I have been one of your more silent readers for over a year now. It seems that now is as good a time as any to speak up and thank you for giving a glimpse into your truly incredible family, past and present. Even though I’m still young, I am eagerly awaiting parenthood and I can only hope that I’m as compassionate, humorous, forgiving and wise as you. You make it seem so easy!
A very happy New Year to you and your family, and thank you, again, for your writing and photos. Such talent!
A nod and a smile to you, emily. I get the feeling you’ll be as great a parent as you are a young person.
In all honesty, I do have to admit that I don’t write about the not-so-easy parts as freely (or with as much joy!) as I do the easy parts. It’s a heck of a ride, and I’m still coming to terms with the vast expanses of my parental imperfections. But it’s so so worth it. So, so worth it. And while the natural, daily exigencies of parenthood can expose warts you never wanted to flash your kids, much less anyone else, it also can bring out capacities you never thought you had. Also, I think it’s quite good for the health to feel that much love all the time.
A very Happy New Year to you and yours! (And thank you for the props: I aspire to approach, in my work, the vast talent my beloved exudes in her own.)
I recently found your blog a few months ago–and honestly, I have no idea how I stumbled across it. I had googled something or another, and one click after another had me ending up here. I read several of your blog posts that day, and was touched by your obvious love for your children and struck by your wonderful way with words. I’m a single, straight, & childless woman, and from the bible belt to boot–all stereotypes that may not often grace your blog, but I am here, nonetheless, and continue to follow your story.

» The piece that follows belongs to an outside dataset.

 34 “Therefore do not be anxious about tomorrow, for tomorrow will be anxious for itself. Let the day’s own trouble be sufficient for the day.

I used to believe in coincidence–the older I get, the less I believe that things randomly happen or that we have any control over anything in this life. I’m having one of those difficult evenings tonight; full of uncertainty about the future and doubtful that people around me care–though I know that they do. Anyway, I say all this to say that reading this blog post tonight moved me, and reminded me to look at life not as something that is to be survived, but is meant to be enjoyed and filled with as much happiness as the universe will allow.
With many thanks, I will leave lurker-dom and post my very first comment 🙂
What lofty ideals you effect, LD. To be sure, this giant post/ your blog is a thing of immense beauty and love. What more memorial tribute could there be?

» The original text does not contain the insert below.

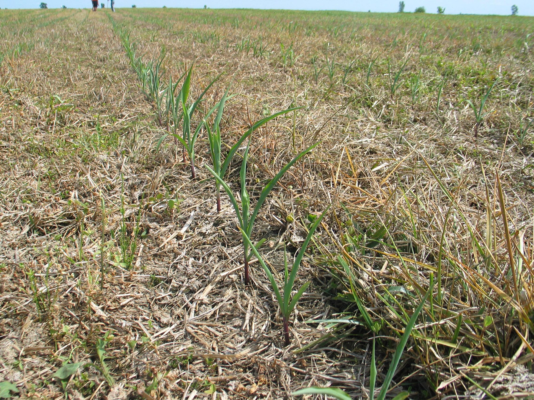 Description: Dans un champ de maïs grain et fourrager en semis direct, les plants montrent des feuilles enroulées. Les racines sont faiblement développées et déformées (non visible ici). En juin, lors d’une longue période chaude et sèche, les plants ont subi un grand stress hydrique imputable à un enracinement insuffisant dû au semis fait dans les résidus de culture et un sol compacté.

And there’s a hand, my trusty fiere!
And gies a hand of thine!
And we’ll tak a right gude-willie-waught,
for auld lang syne.
(rough translation: heres my hand my trusty friend/ give me yours/ and lets take a right goodwill draft for (toast) days gone by)
Wishing you a Happy (and peaceful!) New Year.
SJnky, I wonder if it was around-about Thanksgiving, and you were Googling “turkey baster.” Because, and I sh*t you not, this blog’s post The turkey baster has no clothes is on the first Google page returned for that search string. I toss and turn at night pondering that mystery, but there you have it.
Whatever it was that brought you here, I am grateful, if only for this one moment this afternoon when my nephew brought you solace. Thank you for reading, and for your comment. And I agree with you: something or another is at work in our lives, and it’s not just chance.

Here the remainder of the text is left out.